Now, you might think I’m being alarmist, but I have been starting to see some very worrying trends regarding DOIs and historic literature.
This is the first description of my very favourite Australian animal – it’s a Striped Possum. It doesn’t just occur in Australia; it also lives in Indonesia and New Guinea..
The article was published in 1858, and includes descriptions of species sent to British Museum from the Aru Islands (in Indonesia) by Alfred Russel Wallace. It is freely available online, as it should be, here on the Biodiversity Heritage Library website.

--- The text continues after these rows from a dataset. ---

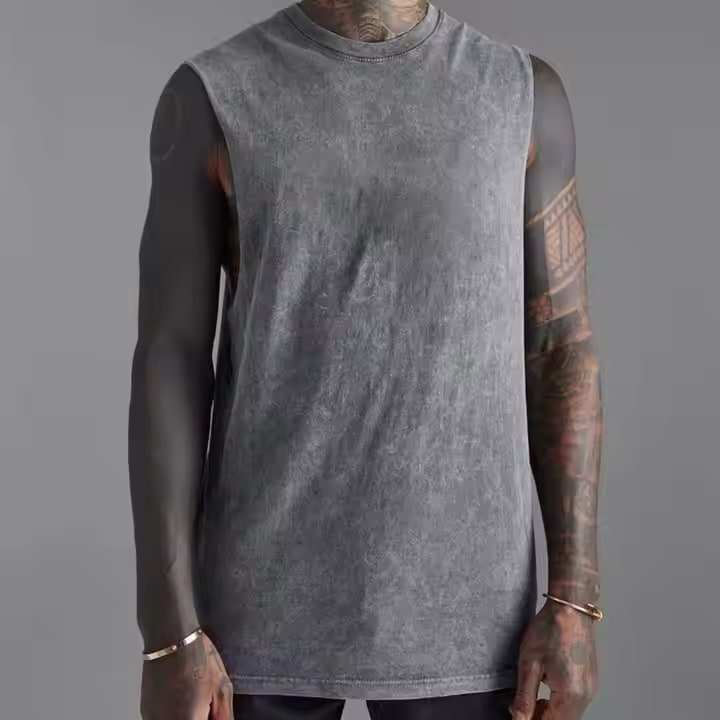 Retro Acid Washed Sleeve Less Tshirt Summer DTG Printing Loose Sleeveless Tank Tops Men Tee Shirt
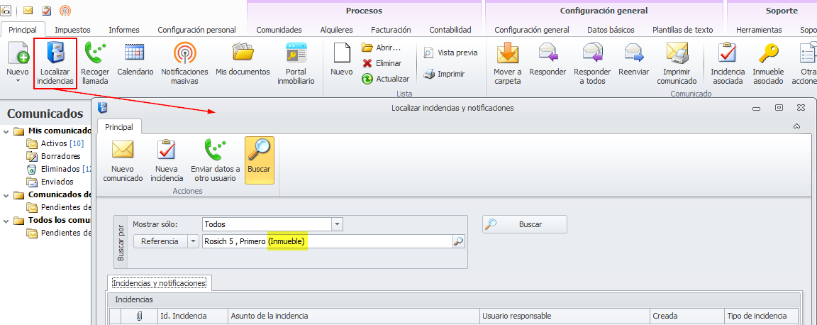 Se amplia la funcionalidad del botón Localizar incidencias para que permita también localizar incidencias y notificaciones relacionadas con un inmueble.
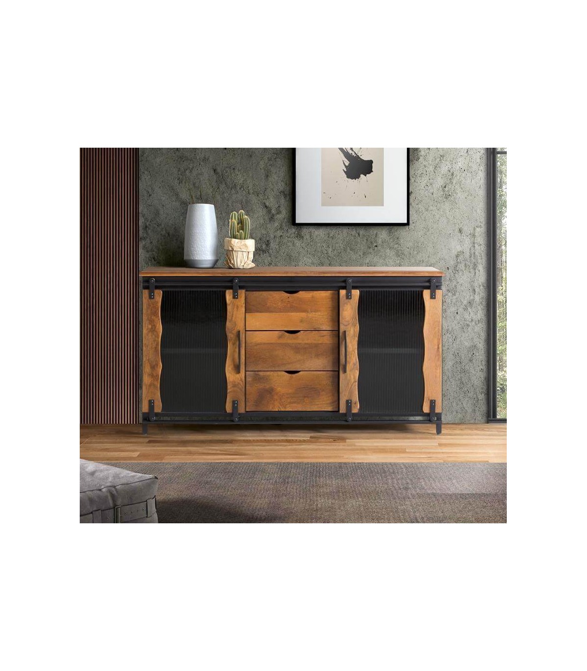 - Aparador, 3 cajones, 2 puertas correderas, estilo industrial.
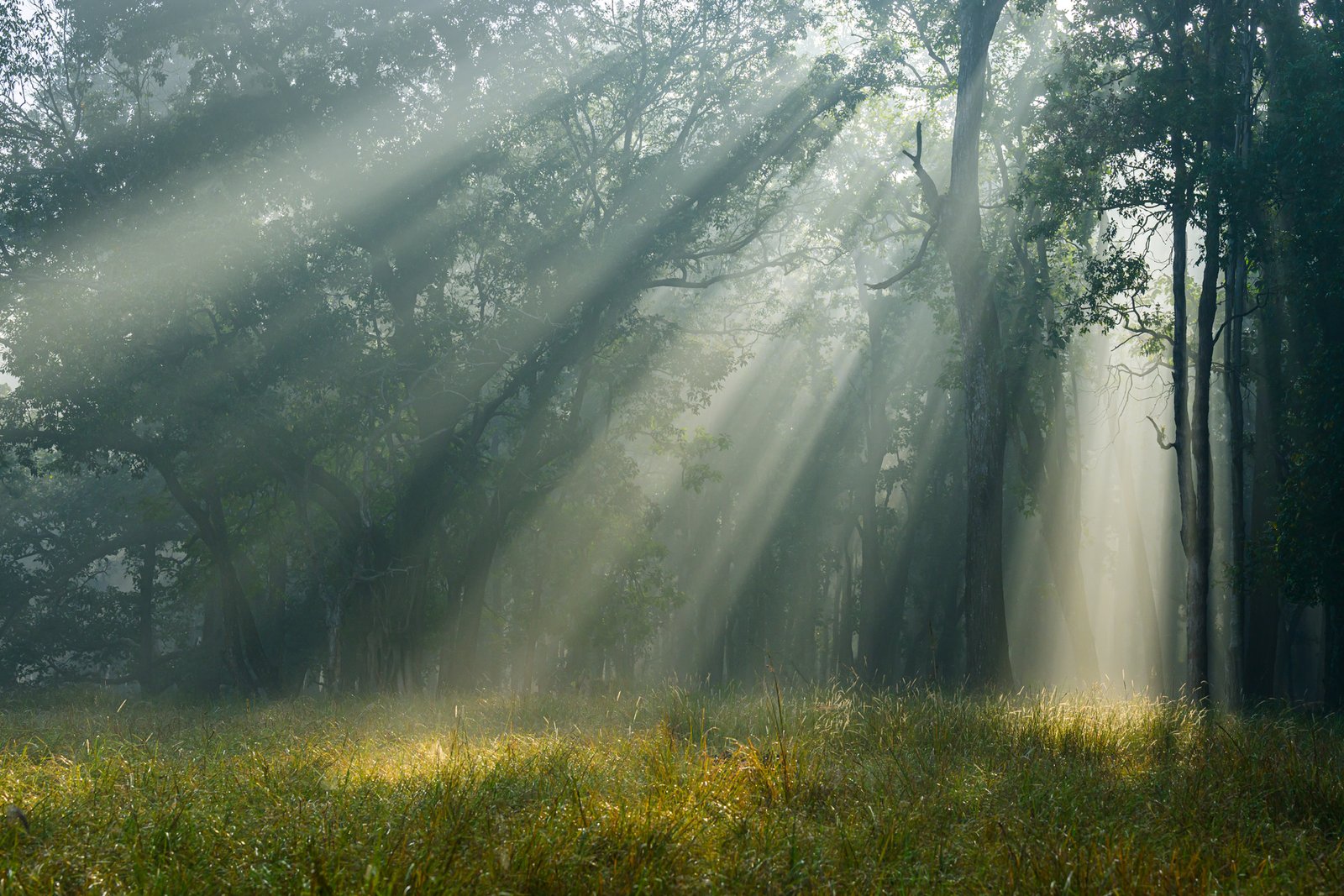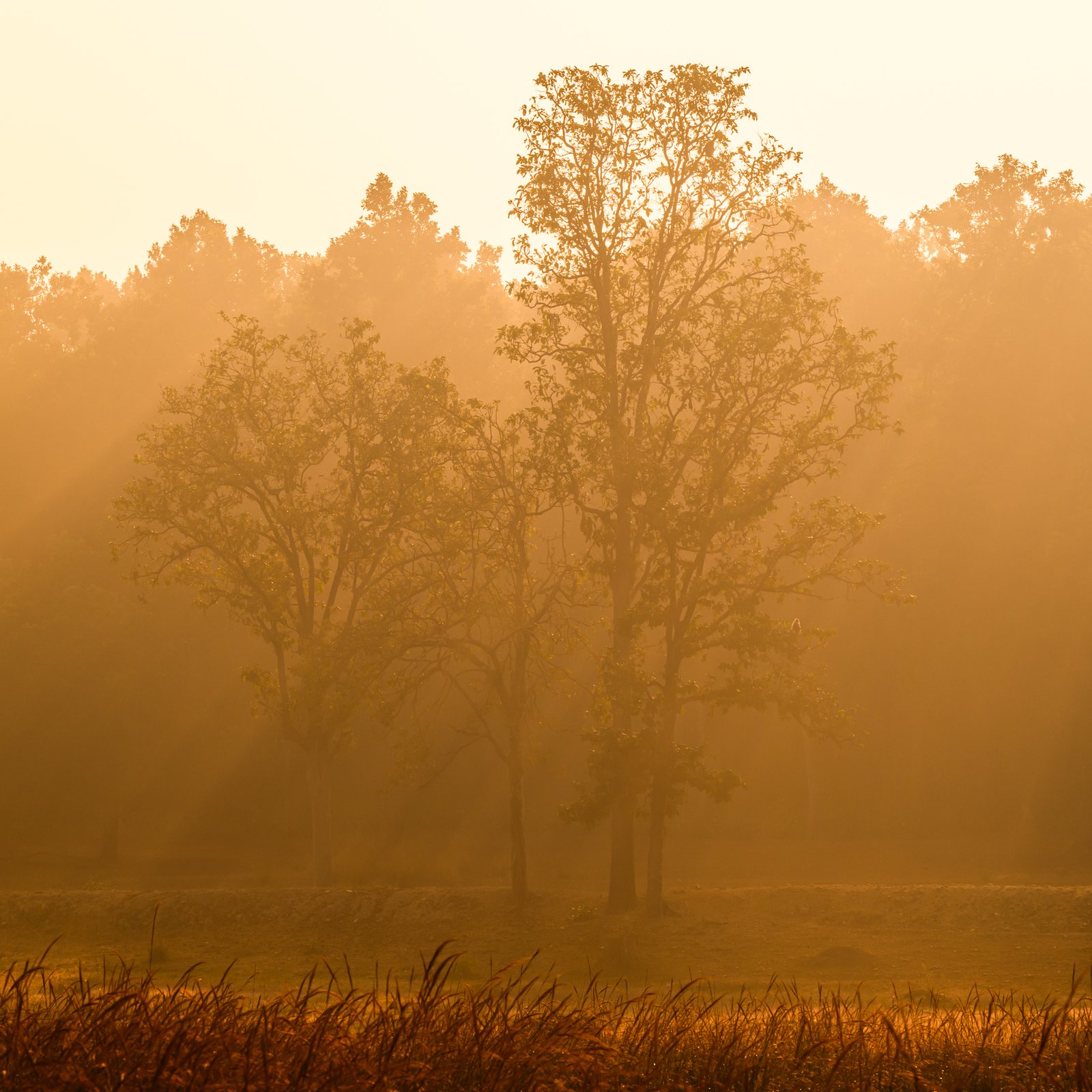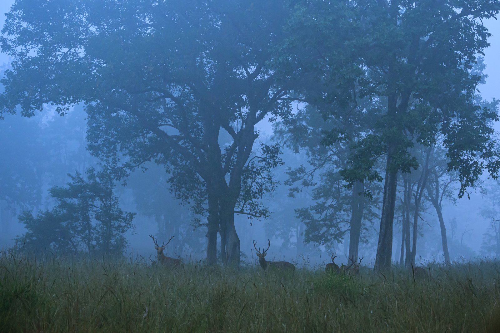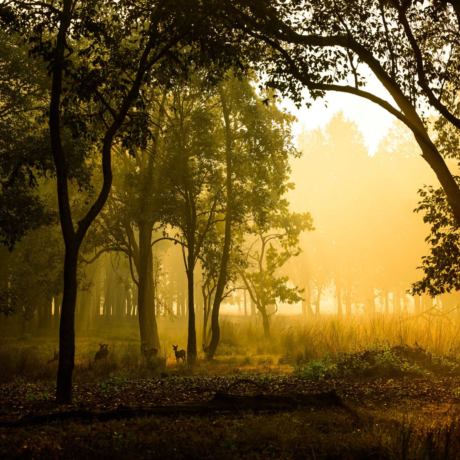 Soft mist drifting across the meadows, crisp light filtering through sal forests and calm wildlife patterns — ideal for refined safaris and atmospheric photography.

The DOI is included here because it is part of the article’s bibliographic data, and it links to the definitive version of this article online, which isn’t this version.
It’s this one – on the Wiley Online Library website. This is the publicly accessible landing page of the definitive version of this article, but when you click on this link to continue reading the full article, you are taken to…
this page. If you want keep reading you need to pay. US$6 to rent it for 48 hours; US$38 to keep a copy permanently.
Now I can just cope with the first description of this beautiful species being behind a paywall, because there are ways of getting around paywalls
And I’m talking about legal ways of getting around them. This is Unpaywall, which is a free plugin you can download that searches for openly-accessible legal versions elsewhere when you come across content that is behind a paywall.
However, initiatives such as Unpaywall rely on DOIS – for their algorithms to be able to locate open access versions elsewhere, those open access versions need to have the DOI attached.
This means that the Biodiversity Heritage Library has a critical role to play in making their freely available versions discoverable, particularly when the DOI’d versions are behind a paywall.
There is no doubt that bringing all this legacy material into the DOI system makes it discoverable, linkable, citable. The historic literature must be part of the great linked network of scholarly research.
If we want to fix those missing links from our taxon names
What I’m talking about is the missing links FROM our taxonomic databases to the literature.
But if we are going to retrospectively assign DOIs to legacy content, there need to be some established guidelines and procedures to follow, and perhaps also some funding allocated to this critical work. And we really need the DOI foundation and the DOI registration agency to recognise the importance of the legacy literature. But what I’d really like to see – my little dream – is that all definitive versions of out-of-copyright content are #Open Access by default.
We’d like to thank the Biodiversity Heritage Library for making all those millions of pages of historic content openly accessible to everyone, Museums Victoria for hosting the BHL project in Australia and the Atlas of Living Australia for their ongoing funding and support.